In-vitro Apoptotic Effects of Deferoxamine on the Glioblastoma Cell Line

Research suggests the inhibitory effects of deferoxamine as an iron chelator on erythroleukemia cells. The present study was conducted to investigate the effects of deferoxamine on B92 cells as a model of glial cells carcinoma.

The present experimental study treated 6×104 B92 cells with 0, 10, 50 and 100 µM of deferoxamine for 24 hours in the presence or absence of 10 μmol/l of ferric chloride. Morphological changes were evaluated in the treated cells compared to in the control sample using an inverse optical microscope. The inhibitory and cytotoxic effects of deferoxamine were evaluated using the dimethylimidazole-diphenyl tetrazolium bromide (MTT) reduction and neutral red uptake assay. The data were analyzed using the Kruskal-Wallis test. P <0.05 was set as the level of statistical significance.

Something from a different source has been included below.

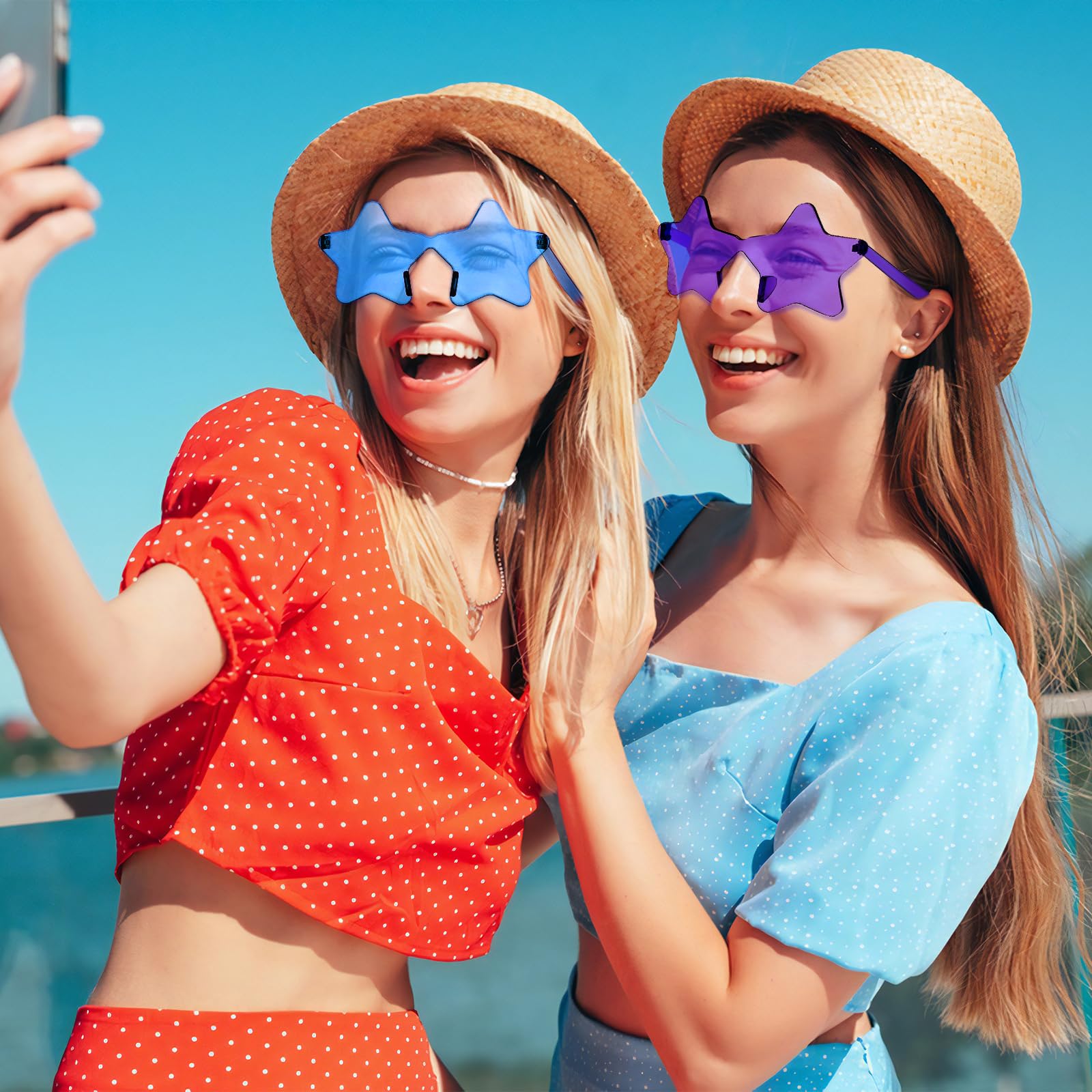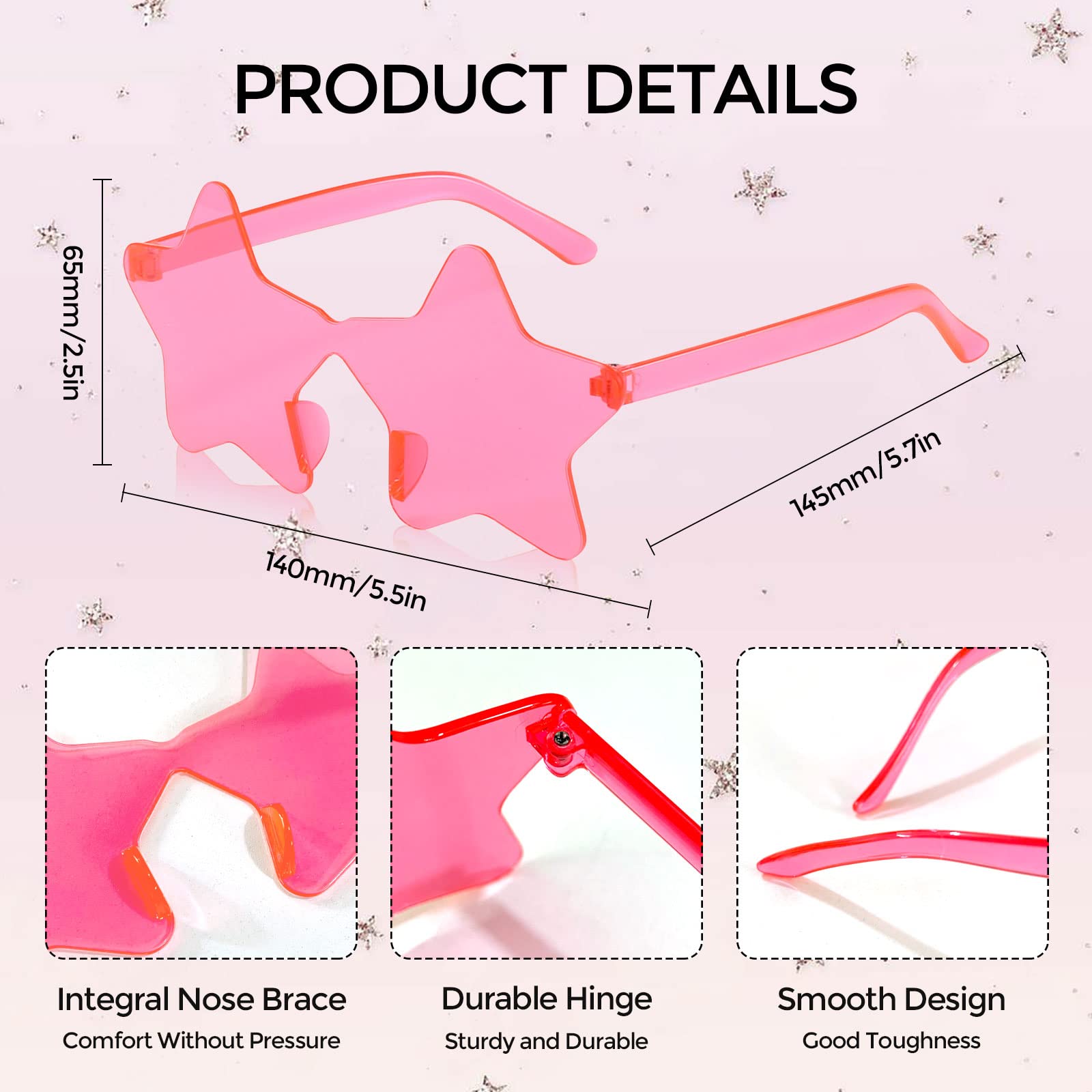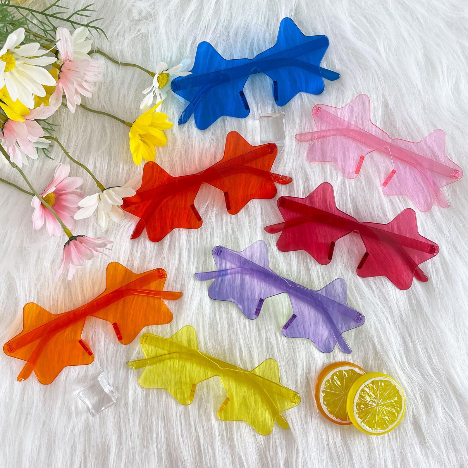 Application - Frameless sunglasses are perfect for shopping, vacations, birthday party, bachelor party and other parties. Transparent one piece star sunglasses are also a good choice for photo props and birthday gifts.

The inhibitory effects of deferoxamine on the proliferation of B92 cells were identified after 24 hours in a way that the cells began to accumulate in the presence of deferoxamine. Ten μmol/l of ferric chloride prevented these morphological changes. Deferoxamine was also found to significantly and 
dose-dependently inhibit the vitality and viability of B92 cells. Moreover, the data showed that ferric chloride prevents the emergence of the effects of treating B92 cells with deferoxamine.

Deferoxamine exerts in-vitro antiproliferative effects on the glial cell line B92.